Hello, I'm using a for loop for making alignment of different short reads (101pb) to an index of contigs across 70 samples via bowtie2, the issue is that I'm always getting 0% alignment rate and 100% discordant matches, which seems strange given the fact that these contigs were built from these reads, I thought that maybe it could be related to my index in a way that the FASTA format was not correct, but when I look at the sam file, there appear the reference sequences at which bowtie2 is aligning to (my 15 contigs)
here are the stats of my reference sequences:
- format: FASTA
- type: DNA
- num_seq: 15
- sum_leng 90449
- min_len 2628
- avg_len 6029.9
- max_len 12178
and here is the command that I use:
for i in *1.fastq.gz
do base=$(basename $i "_1.fastq.gz")
bowtie2 -p 8 -x /mnt/c/path/NRPS_contigs -1 ${base}_1.fastq.gz -2 ${base}_2.fastq.gz | samtools view -b -o ${base}.bam -
done
and the out for all the 70 samples assigns 0% alignment rate as I said before.

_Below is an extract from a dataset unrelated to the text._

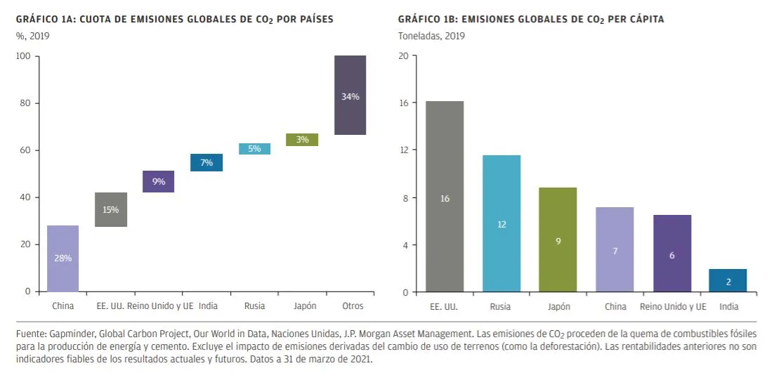 «Evidentemente los niveles absolutos de emisiones GEI solo cuentan una verdad a medias respecto al impacto ambiental relativo que causa cada país. Como mínimo, debemos tener en cuenta las diferencias en el tamaño de la población fijándonos en las emisiones per cápita. Además, tal vez queramos reflejar el hecho de que los países se hallan en distintas etapas de crecimiento económico. Históricamente, los mercados emergentes han contribuido menos a las emisiones GEI globales porque su producción económica ha sido inferior. Para comprender el impacto que estos países tendrán en el futuro, a medida que siguen aumentando su producción económica, es posible que queramos conocer también sus emisiones por unidad de PIB al comparar los países de mercados desarrollados con sus homólogos emergentes. Por otro lado, algunos países de mercados emergentes generan emisiones CO2 más altas porque los países occidentales han deslocalizado la producción de productos intensivos en CO2: el 14% de las emisiones de CO2 de China se atribuyen a productos que se exportan y se consumen en el extranjero. Contabilizar las emisiones que los países han trasladado a otras regiones es compatible con el creciente interés en las emisiones de “Alcance 3” de las empresas (tal como las define el Protocolo sobre Gases de Efecto Invernadero), que tienen en cuenta las emisiones que las empresas han externalizado en su cadena de suministro. Adoptamos un enfoque similar respecto a las empresas, no sobre los países, y tendríamos en cuenta los gases de efecto invernadero con relación al tamaño de la empresa».

ill be si thankful if you help me with this.
here I add flagstat output from one sample:
samtools flagstat stat EC-BacA.bam
49695006 + 0 in total (QC-passed reads + QC-failed reads)
0 + 0 secondary
0 + 0 supplementary
0 + 0 duplicates
94 + 0 mapped (0.00% : N/A)
49695006 + 0 paired in sequencing
24847503 + 0 read1
24847503 + 0 read2
88 + 0 properly paired (0.00% : N/A)
90 + 0 with itself and mate mapped
4 + 0 singletons (0.00% : N/A)
2 + 0 with mate mapped to a different chr
2 + 0 with mate mapped to a different chr (mapQ>=5)

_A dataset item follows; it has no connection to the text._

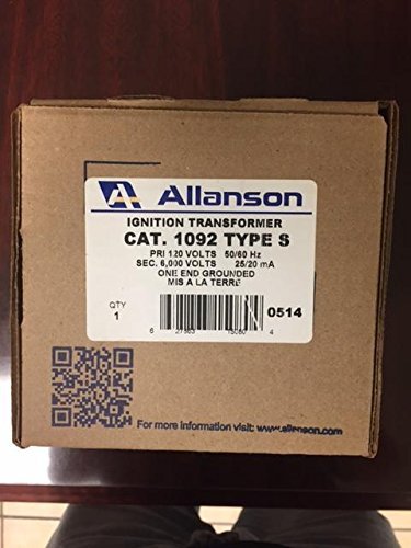 The Allanson 1092-S gas burner ignition transformer provides reliable ignition for gas burners. This transformer features an input voltage of one hundred twenty volts and an output of six thousand volts. Built to meet demanding specifications, it is suitable for applications involving Gordon Piatt burners and others.

Step 1; can you get the desired results without the loop construct?
Indeed, I would try and map a single sample making sure that the two files indeed are the two mate files, and then see how it looks. I mean it most likely is something technical, even in super poor NGS assays with lots of contamination you get at least a few % of aligned reads. 0% is suspicious. Try to validate that the *1 and *2 files are indeed a pair and nothing went wrong during e.g. changing names.
no, I get the same results without looping (sorry for answering late)
Additionally, I tested that the paired-end files were the mate files, the only thing that I can suppose is the fact that the contigs that I'm using as a reference sequence (all gathered in a single file) are contigs that were assembled from de Bruijn graphs method using 51-mers, so instead of trying mapping these reads (101pb long), I must generate all 51-mers from each sample before trying to map them against the reference sequences (the contigs) but then realized that this is not correct due to the fact that this assembler should still build these reads from the k-mers. So, in my opinion, its an index issue of the reference sequences, is there anything wrong with my index reference file? (stats are provided in the upper question part and they are provided in FASTA format each of the 15 starting with the ">" character.